** Materials provided follows **
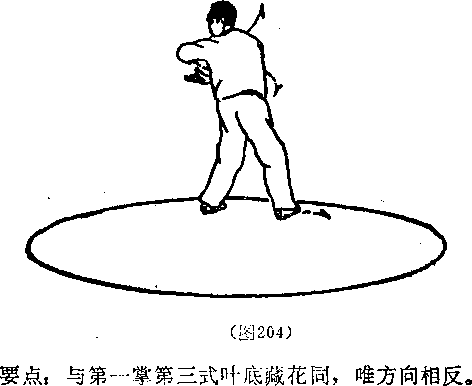 右足向左足前方迈进一步,足尖里扣》两腿微屈,上身 转朝向北方;左掌同时臂内旋使拇指外侧向下,屈肘向左平 带;右掌随之臂外旋使掌心向上,向左腋下穿出(图204)。
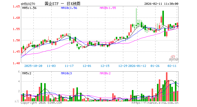 2月11日,截止午间收盘,国企ETF(510270)涨0.64%,报1.576元,成交额323.61万元。国企ETF(510270)重仓股方面,贵州茅台截止午盘跌0.45%,紫金矿业涨2.22%,长江电力跌0.49%,招商银行跌0.20%,中信证券跌0.21%,国泰海通跌0.20%,兴业银行涨0.00%,工商银行跌0.27%,中国船舶涨1.09%,万华化学涨4.12%。
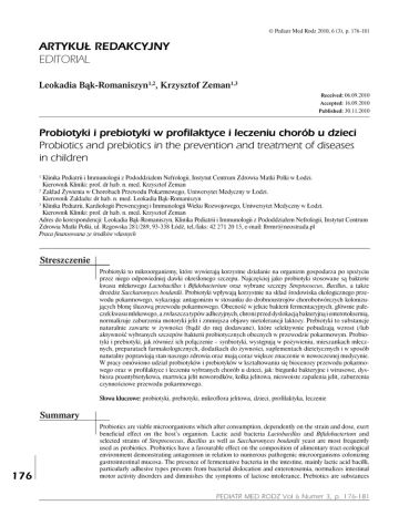 © Pediatr Med Rodz 2010, 6 (3), p. 176-181 artykuł redakcyjny editorial Leokadia Bąk-Romaniszyn1,2, Krzysztof Zeman1,3 Received: 06.09.2010 Accepted: 16.09.2010 Published: 30.11.2010 Probiotyki i prebiotyki w profilaktyce i leczeniu chorób u dzieci Probiotics and prebiotics in the prevention and treatment of diseases in children Klinika Pediatrii i Immunologii z Pododdziałem Nefrologii, Instytut Centrum Zdrowia Matki Polki w Łodzi. Kierownik Kliniki: prof. dr hab. n. med. Krzysztof Zeman 2 Zakład Żywienia w Chorobach Przewodu Pokarmowego, Uniwersytet Medyczny w Łodzi. Kierownik Zakładu: dr hab. n. med. Leokadia Bąk-Romaniszyn 3 Klinika Pediatrii, Kardiologii Prewencyjnej i Immunologii Wieku Rozwojowego, Uniwersytet Medyczny w Łodzi. Kierownik Kliniki: prof. dr hab. n. med. Krzysztof Zeman Adres do korespondencji: Leokadia Bąk-Romaniszyn, Klinika Pediatrii i Immunologii z Pododdziałem Nefrologii, Instytut Centrum Zdrowia Matki Polki, ul. Rzgowska 281/289, 93-338 Łódź, tel./faks: 42 271 20 15, e-mail: [email protected] Praca finansowana ze środków własnych 1 Streszczenie Probiotyki to mikroorganizmy, które wywierają korzystne działanie na organizm gospodarza po spożyciu przez niego odpowiedniej dawki określonego szczepu. Najczęściej jako probiotyki stosowane są bakterie kwasu mlekowego Lactobacillus i Bifidobacterium oraz wybrane szczepy Streptococcus, Bacillus, a także drożdże Saccharomyces boulardii. Probiotyki wpływają korzystnie na skład środowiska ekologicznego przewodu pokarmowego, wykazując antagonizm w stosunku do drobnoustrojów chorobotwórczych kolonizujących błonę śluzową przewodu pokarmowego. Obecność w jelicie bakterii fermentacyjnych, głównie pałeczek kwasu mlekowego, a zwłaszcza typów adhezyjnych, chroni przed dyslokacją bakteryjną i enterotoksemią, normalizuje zaburzenia motoryki jelit i zmniejsza objawy nietolerancji laktozy. Prebiotyki to substancje naturalnie zawarte w żywności (bądź do niej dodawane), które selektywnie pobudzają wzrost i/lub aktywność wybranych szczepów bakterii probiotycznych obecnych w przewodzie pokarmowym. Probiotyki i prebiotyki, jak również ich połączenie – synbiotyki, występują w pożywieniu, mieszankach mlecznych, preparatach farmakologicznych, dodatkach do żywności, suplementach dietetycznych i w sposób naturalny poprawiają stan naszego zdrowia oraz mają coraz większe znaczenie w nowoczesnej medycynie. W pracy omówiono udział probiotyków i prebiotyków w kształtowaniu się biocenozy przewodu pokarmowego oraz w profilaktyce i leczeniu wybranych chorób u dzieci, jak: biegunki bakteryjne i wirusowe, dysbioza poantybiotykowa, martwica jelit noworodków, kolka jelitowa, nieswoiste zapalenia jelit, zaburzenia czynnościowe przewodu pokarmowego. Słowa kluczowe: probiotyki, prebiotyki, mikroflora jelitowa, dzieci, profilaktyka, leczenie Summary 176 Probiotics are viable microorganisms which after consumption, dependently on the strain and dose, exert beneficial effect on the host’s organism. Lactic acid bacteria Lactobacillus and Bifidobacterium and selected strains of Streptococcus, Bacillus as well as Saccharomyces boulardii yeast are most frequently used as probiotics. Probiotics have a favourable effect on the composition of alimentary tract ecological environment demonstrating antagonism in relation to numerous pathogenic microorganisms colonizing gastrointestinal mucosa. The presence of fermentative bacteria in the intestine, mainly lactic acid bacilli, particularly adhesive types prevents from bacterial dislocation and enterotoxemia, normalizes intestinal motor activity disorders and diminishes the symptoms of lactose intolerance. Prebiotics are substances Pediatr Med rodz Vol 6 Numer 3, p. 176-181 artykuł redakcyjny/editorial naturally contained in food (or added to it) which selectively stimulate growth and/or activity of some strains of probiotic bacteria found in the alimentary tract. Probiotics and prebiotics as well as their combination – synbiotics are found in food, milk mixtures, pharmacological preparations, food additives, dietary supplements and they improve in a natural way our health condition and are of greater importance in modern medicine. The study presents the share of probiotics and prebiotics in the formation of alimentary tract biocenosis and their application in the prophylaxis and treatment of selected diseases in children, such as: bacterial and viral diarrhoea, antibiotic-induced disbiosis, necrotizing enterocolitis, intestinal colic, non-specific enteritis, alimentary tract dysfunction. Key words: probiotics, prebiotics, intestinal microflora, children, prevention, treatment P robiotyki (po grecku pro bios – ‘dla życia’) to żywe mikroorganizmy (a nawet ich DNA), które po spożyciu w odpowiedniej dawce wywierają korzystne działanie na organizm gospodarza(1-3). Bakterie probiotyczne charakteryzuje: pochodzenie od człowieka, zdolność do przetrwania w środowisku przewodu pokarmowego z niskim (<3) pH żołądka, kwasami organicznymi i żółciowymi, przeżycie procesów technologicznych oraz brak szkodliwości i udokumentowany korzystny wpływ na zdrowie gospodarza(3). Najczęściej jako probiotyki stosowane są bakterie kwasu mlekowego Lactobacillus i Bifidobacterium oraz wybrane szczepy Streptococcus, Bacillus, a także drożdże z rodzaju Saccharomyces(4). Bakterie z rodzaju Lactobacillus wywierają modulujący wpływ na czynność przewodu pokarmowego dzięki wytwarzanym enzymom – β-glukanom ułatwiającym trawienie i przyswajanie węglowodanów, odgrywają też ważną rolę w procesie fermentacji m.in. polisacharydów w jelicie grubym(5,6). Produkty fermentacji obniżają pH jelit, są źródłem energii dla kolonocytów, stymulują rozwój nabłonka jelitowego, regulują gospodarkę mineralną, pobudzając absorpcję z jelita grubego jonów wapnia, magnezu i żelaza. Bakterie kwasu mlekowego biorą też udział w s
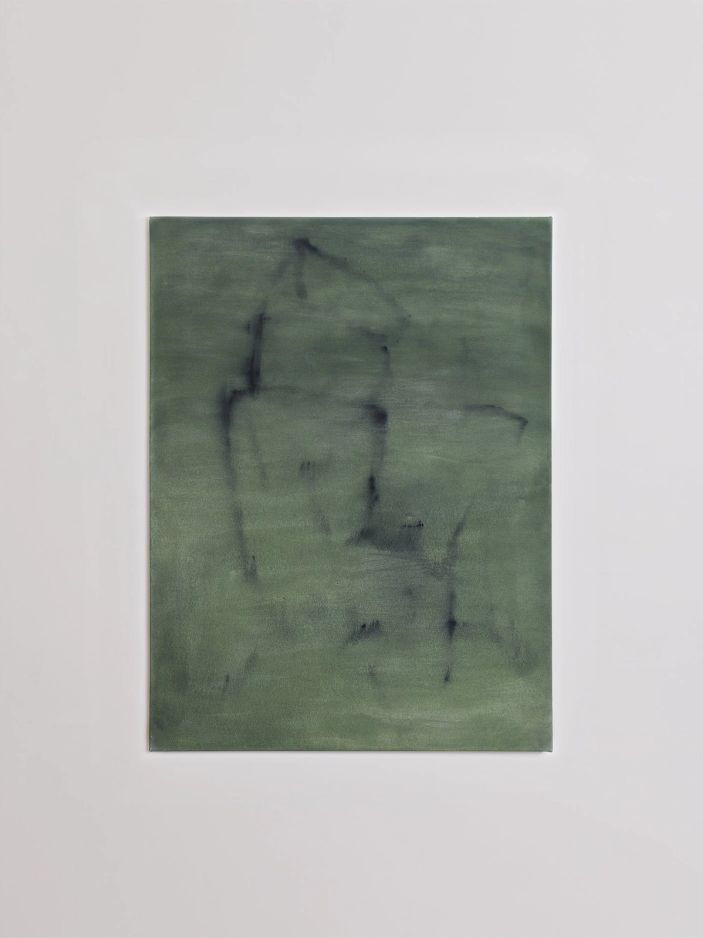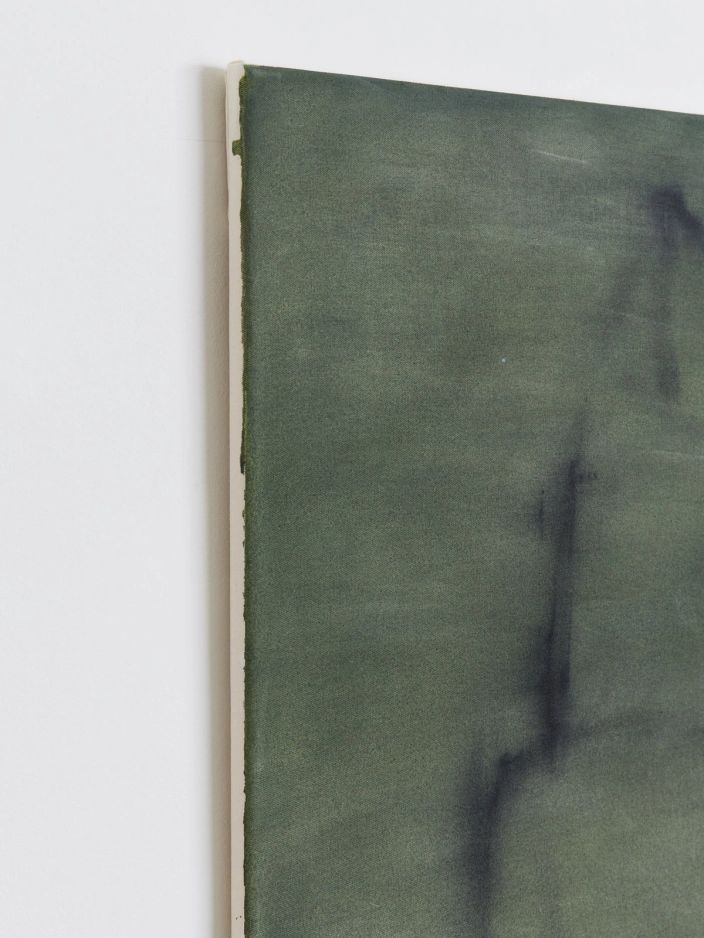 Hodge creates her abstract paintings and drawings with immediacy and intuition, working quickly and performatively to make sweeping, gestural marks. Using acrylic diluted with water on raw, untreated canvas, she often softens the surface with a brush, blurring calligraphic gestures into ethereal forms.
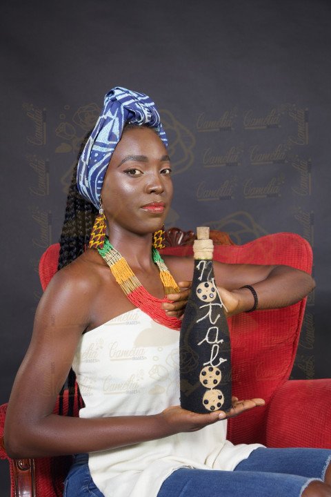 Jeune femme beauté africaine boucles colliers afritude bouteille décoration artisanal
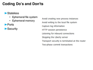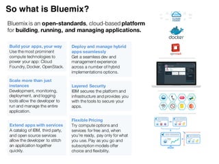 The document provides an overview of IBM Bluemix, a cloud platform for Java development, highlighting its features such as service integration, automated scaling, and security. It details the use of Bluemix with Java through the Liberty buildpack, the advantages of using Docker containers, and best practices for cloud applications. Additionally, it emphasizes the flexibility and choices available for developers using the platform while including disclaimers about potential future product plans and performance expectations.
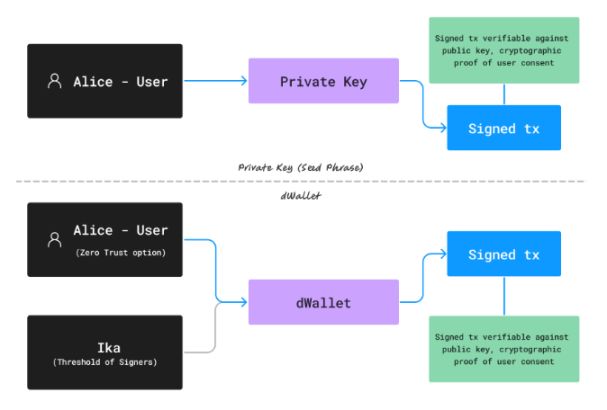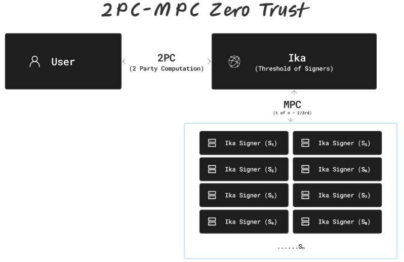 IKA 的核心技术可归纳为两大模块——dWallet(去中心化钱包)与 2PC-MPC(两方计算 - 多方安全计算)协议,让用户无需依赖封装代币,可直接使用 BTC、ETH 等原生资产参与多链生态。
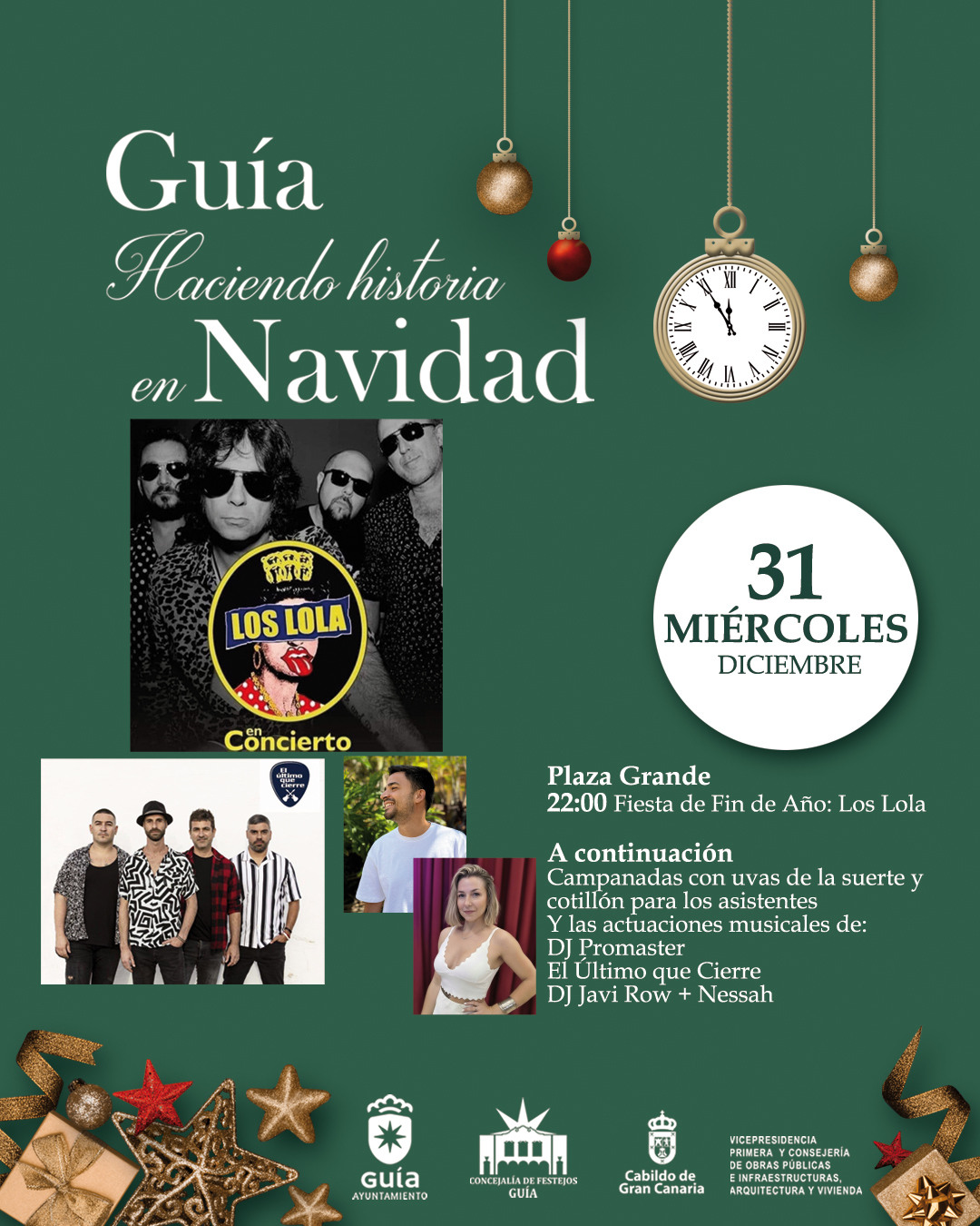 Guía tiene todo listo para dar la bienvenida al Nuevo Año 2026 por todo lo alto. La Plaza Grande de la ciudad será el escenario de la gran fiesta de Fin de Año que se celebrará este miércoles, una cita que arrancará a las 22:00 horas con la actuación del grupo Los Lola. Será una noche festiva marcada por la buena música y el gran ambiente, donde no faltarán las uvas y el cotillón, que se repartirán para que vecinos y visitantes puedan recibir el nuevo año de manera festiva y compartida, siguiendo las campanadas del reloj de la Iglesia de Santa María de Guía, uno de los momentos más esperados de la noche.
** End of Materials provided **
Your assignment — Word for word, restate the lines above from the one with "The document provides" through the one with "IKA 的核心技术可归纳为两大模块——dWallet(去中心化钱包)与 2PC-MPC(两方计算", keeping both ends and dropping the pictures.

Solution to this exercise —
 The document provides an overview of IBM Bluemix, a cloud platform for Java development, highlighting its features such as service integration, automated scaling, and security. It details the use of Bluemix with Java through the Liberty buildpack, the advantages of using Docker containers, and best practices for cloud applications. Additionally, it emphasizes the flexibility and choices available for developers using the platform while including disclaimers about potential future product plans and performance expectations.
 IKA 的核心技术可归纳为两大模块——dWallet(去中心化钱包)与 2PC-MPC(两方计算 - 多方安全计算)协议,让用户无需依赖封装代币,可直接使用 BTC、ETH 等原生资产参与多链生态。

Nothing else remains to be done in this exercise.